# Eskimo Pistol Bit 8”



## Iron Bear (Nov 19, 2008)

I bought one to use on my Dewalt 20 volt drill. 

Holy cow! 3 lbs and worked like a champ. 

Anyone want to buy a 80 lbs jiffy gas auger?


----------



## taxidermist (Sep 11, 2007)

Iron Bear said:


> I bought one to use on my Dewalt 20 volt drill.
> 
> Holy cow! 3 lbs and worked like a champ.
> 
> Anyone want to buy a 80 lbs jiffy gas auger?

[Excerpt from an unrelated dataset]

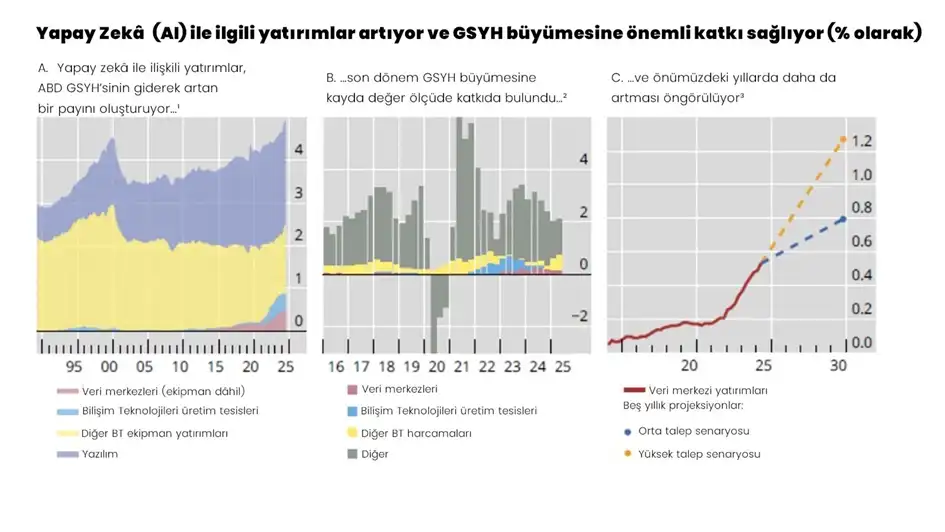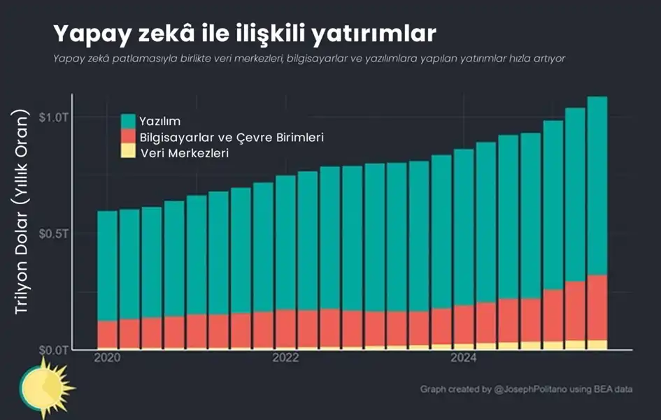 Bu bilgisayarlar ve ilgili çevre birimlerine yapılan gerçek sabit yatırımlar, yıllık bazda 270 milyar doların üzerine çıkarak rekor seviyeye ulaştı. Bu rakam, geçen yıla göre yaklaşık yüzde 50, ChatGPT’nin piyasaya sürülmesinden bu yana ise yüzde 77 artış gösterdi. Özetle, yapay zekâ bağlantılı veri merkezi, bilgisayar ve yazılım yatırımlarına yapılan harcamaların toplamı şu anda yıllık 1 trilyon doları aşıyor ve rekor biçimde ABD ulusal hasılasının yaklaşık yüzde 3,5’ine denk düşüyor. (1)

Have one now and loooooooooooove it.

I drilled some holes for a few fellers that had the green ones. Their batterie went dead the second day out on the ice at FG.


----------



## johnrr65 (Nov 7, 2019)

taxidermist said:


> Have one now and loooooooooooove it.
> 
> I drilled some holes for a few fellers that had the green ones. Their batterie went dead the second day out on the ice at FG.


+1


----------



## Iron Bear (Nov 19, 2008)

Went out today with my pistol bit. I drilled about 144” on a 2 amp battery.


----------



## johnnycake (Jul 19, 2011)

Nice! I'd be curious to stack one of those up against my Nils augers I run with my DeWalt 20v. How many holes do you punch/inches cut before needing to change the blades?


----------